**Problem statement:** Reproduce, exactly and in full, the lines from the one with "Pair of 18ct" through the one with "高効率の防曇性能:寒冷な冬や" in the data below; drop pictures.

**Data for analysis:**
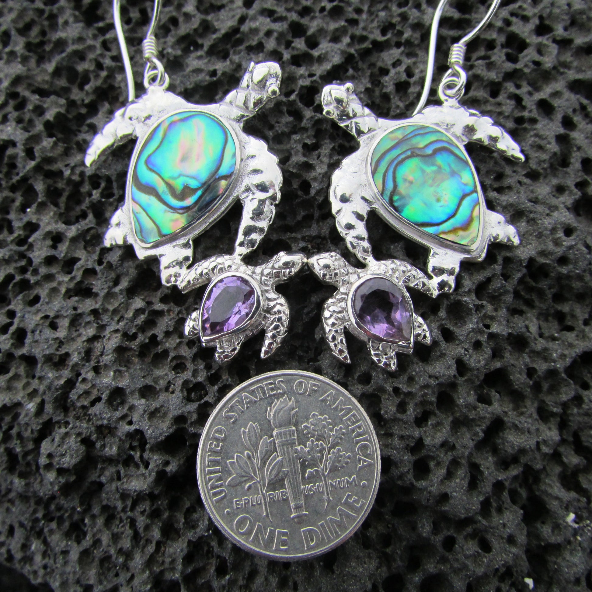 Double Turtle Earrings on Paua Shell w/Amethyst
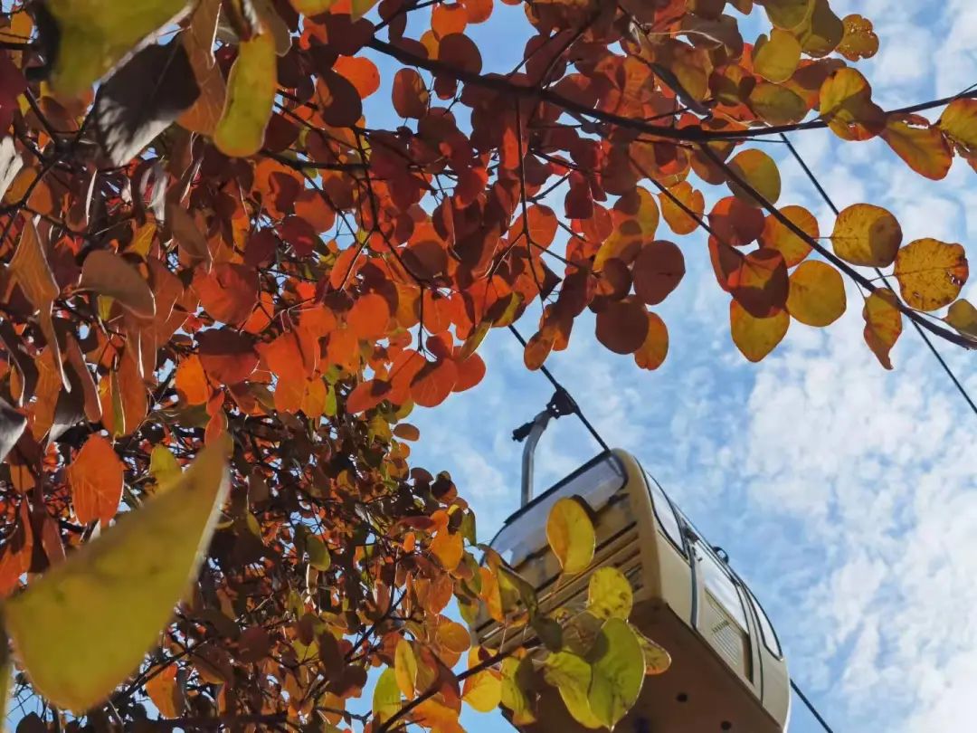 在八大处公园,游客可以乘观光缆车俯瞰漫山红叶,也可以驾滑车飞驰在丛林之中,以不同的视角欣赏秋色。
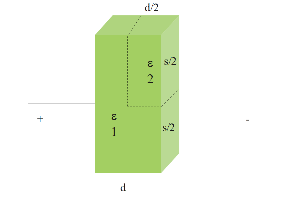 A parallel plate capacitor having plates of area S and plate separation d, has capacitance $C_1$ in air. When two dielectrics of different relative permittivity $({{\varepsilon }_{1}}=2,{{\varepsilon }_{2}}=4)$ are introduced between the two plates as shown in the figure, the capacitance become $C_2$. The ratio $\dfrac{{{C}_{2}}}{{{C}_{1}}}$ is.
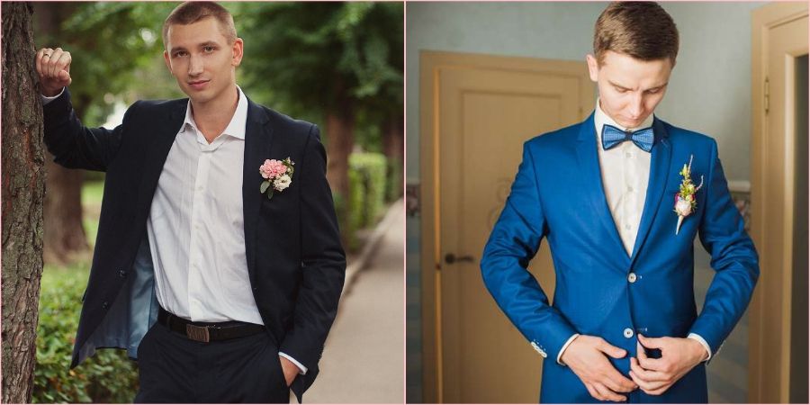 - синий – этот оттенок сейчас находится на пике популярности и его часто стали задействовать женихи и невесты. Он является классическим, а потому хорошо подойдет любому мужчине;
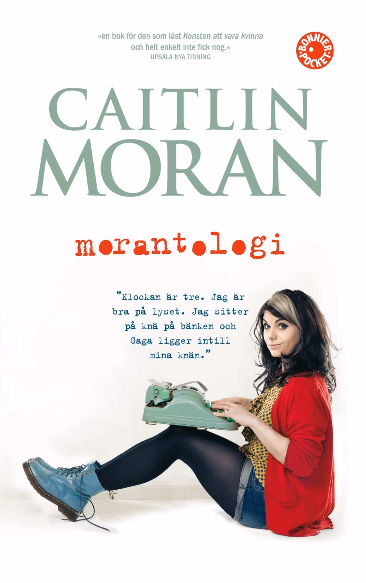 ”I KONSTEN ATT VARA KVINNA var jag begränsad till ett enda ämne: kvinnor. Deras hår, deras skor och att de är tända på Aslan från Häxan och lejonet (något som jag VET är en universell sanning).Men! I min nya bok MORANTOLOGI – som titeln antyder – är jag fri att ta mig an RESTEN AV VÄRLDEN: Ghostbusters, Twitter, koffein, panikattacker, Michael Jacksons begravning, att vara en medelklassmarijuanapundare, Doctor Who, helgfyllor, Downton Abbey, min egen tragiskt förtidiga död och min återkommande oförmåga att få någon att börja använda det smeknamn jag valt åt mig själv: ’Puffis’.Jag går på sexklubb med Lady Gaga, gråter på Paul McCartneys gitarr, medverkar som gnom hos Richard & Judy, går ombord på TARDIS, sniffar på Sherlock Holmes kuddar på Baker Street 221B, skriver Amy Winehouses dödsruna, samt kommer för sent till premiärministern på Downing Street. Och tiden som blir över – mellan baksmällorna – går jag på om välfärdsstaten, stängda bibliotek och fattigdom: som en lite sämre Dickens eller Orwell, men med tuttar.”
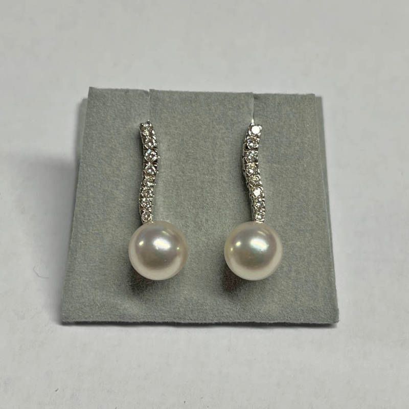 Pair of 18ct white gold cultured pearl & diamond earrings, the cultured pearl suspended on a stem of brilliant cut diamonds - 2 cm long
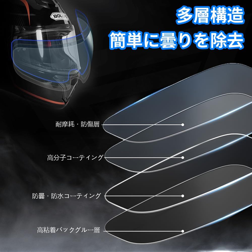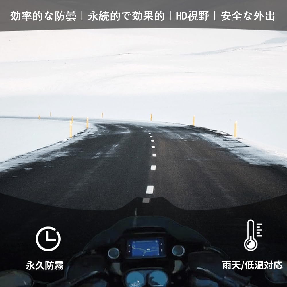 高効率の防曇性能:寒冷な冬や湿気の多い春秋の朝でも、この防曇フィルムは風防ガラスの曇りを効果的に防止し、常にクリアな視界を確保します。フルフェイスヘルメット、ジェットヘルメット、ハーフヘルメットに対応しており、すべてのライダーに必須のアクセサリーです。
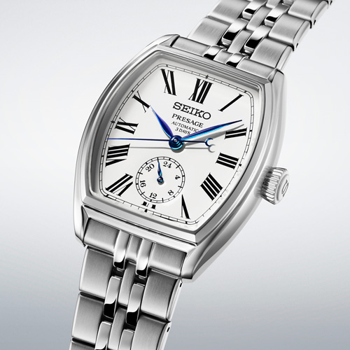 本作は、日本の伝統工芸であり、職人の高度な技術によって生み出された琺瑯ダイヤルのモデルです。そして、日本の美意識を発信するセイコー プレザージュの現行モデルにはないトノー型ケースを採用しました。精工舎が1895年に製造した初の懐中時計「タイムキーパー」を讃えて、ダイヤルにはその特徴的なデザインを取り入れています。トノー形状に合わせて配置したローマ数字のインデックス、琺瑯ならではの艶やかな立体感を引き立てる24時針のサブダイヤル、レール(線路)のようにデザインしたダイヤル外周の目盛が、クラシカルな印象を際立たせます。また、分針と秒針の先端をダイヤル側に曲げることで目盛との距離を近づけ、時刻の読みやすさを追求しました。

**Answer space:**
 Pair of 18ct white gold cultured pearl & diamond earrings, the cultured pearl suspended on a stem of brilliant cut diamonds - 2 cm long
 高効率の防曇性能:寒冷な冬や湿気の多い春秋の朝でも、この防曇フィルムは風防ガラスの曇りを効果的に防止し、常にクリアな視界を確保します。フルフェイスヘルメット、ジェットヘルメット、ハーフヘルメットに対応しており、すべてのライダーに必須のアクセサリーです。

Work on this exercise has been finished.